便秘と関連して、よく耳にするものに宿便があります。宿便と聞くと、病院や薬局のポスターで見るイメージが思い浮かぶのではないでしょうか。腸の中に黒くこびりついた便の塊ですね。でも実は、これは間違いだという指摘が多いのです。

実際に腸の内側には、体内に養分を取り込むための組織があり、絨毛と呼ばれるデコボコ状になっているため、食べ物の残骸が溜まります。しかし、そうした残骸は、腸内細胞の死骸と共に腸壁からはがれて排出されます。なぜなら腸の粘膜は数日で新しい細胞に生まれ変わっているからです。しかも腸の内面は、蠕動運動によって常にヒダが動いていますから、いつまでも同じ場所に残骸が溜まっていることはありません。

つまり、便が腸にこびりつくといったことはなく、宿便というのは便秘のために腸に長く溜まっている便の事を言うのです。ですから宿便とは、一般的に滞留便といわれています。この滞留便である宿便が溜まると、腸内の流れを妨げるばかりでなく、腸の吸収力も低下させます。すると、排便が困難である状態、つまり便秘になるのです。宿便は便秘でなくても溜まりますが、溜まると便秘の要因となってしまうわけですね。

こうして宿便が長く腸内に溜まると、有毒物質が発生し、血液を通して全身に広がります。すると、肌荒れや頭痛などの全身症状として悪影響を及ぼし、様々な病気を引き起こすことにもなってしまいます。宿便が溜まらないよう心掛けることは、身体にとってとても大切なことだといえるでしょう。では、この宿便を溜めないためにはどうしたら良いかというと、便秘の予防・解消法、さらには生活習慣病全般の予防・解消法と同様です。

「栄養バランスの取れた食事」、「適度な運動」、「ストレスの軽減」の3つが最も重要です。加えて、善玉菌を増やして腸の働きを活発にする食物繊維や乳酸菌などを豊富に摂ること、規則正しい排便習慣が保てるよう時間にゆとりを持つことなどが大切となります。こうした生活習慣の改善によって、身体にとって邪魔者の宿便を排除し、美容と健康を保ちましょう。

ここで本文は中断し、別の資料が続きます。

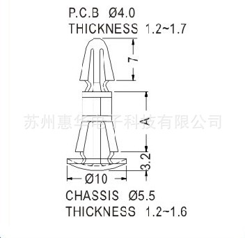 ◆FLAME CLASS:94V-2◆COLOR:NATURAL◆UNIT:mm用途:固定PC板于机板上,不会突出机板底部,外观美观。

一時的効果はあれど、やはりコーヒーは便秘に良くない?

コーヒーはとても人気のある飲み物で、毎日愛飲されている方も数多くいらっしゃることでしょう。コーヒーについては、健康上良いとされる面も悪いとされる面もありますが、それは便秘との関係においても同様です。

それというのも、まずコーヒーの成分としてよく知られるカフェインの影響が大きいのです。胃液の分泌を活発にし、胃の働きを活発にしてくれるこのカフェインは、食後に飲めば、消化を促進してくれる働きがありますが、逆に食前などの空腹時には、胃に負担を掛け過ぎることにもなります。特に、胃酸過多や胃炎などの場合には、胃壁が荒れて症状が悪化してしまいます。

つまり、カフェインは腸への刺激が大きいため、一時的に蠕動運動を活発にし、便秘を解消する効果がありますが、毎日習慣的に飲むことで、その刺激によって腸のリズムが崩れ、機能を低下させてしまいます。それが便秘の要因となってしまうわけですね。

また、コーヒーには利尿作用があることでもよく知られていますが、これが脱水状態を引き起こす場合もあります。また、水分を過剰に体外へ排出しようとする働きによって、足りなくなってしまった水分を大腸が便から吸収してしまいます。すると、便が硬くなって、結果便秘になってしまうのです。

もうひとつ、コーヒーにはタンニンという成分が含まれていますが、これは下痢止めにも使用されている成分であり、細胞や血管を収縮させて、便を出にくくするものです。腸内環境を悪化させる成分なので、これも便秘の要因となる一因でしょう。

もちろん、コーヒーにはリラックス効果もありますし、健康な人が食後に飲む分にはまるで問題はありません。一日に何杯も飲む方は注意が必要ですが、便秘に悪い面を出さぬ程度に、毎日の食後のコーヒーを楽しむようにしましょう。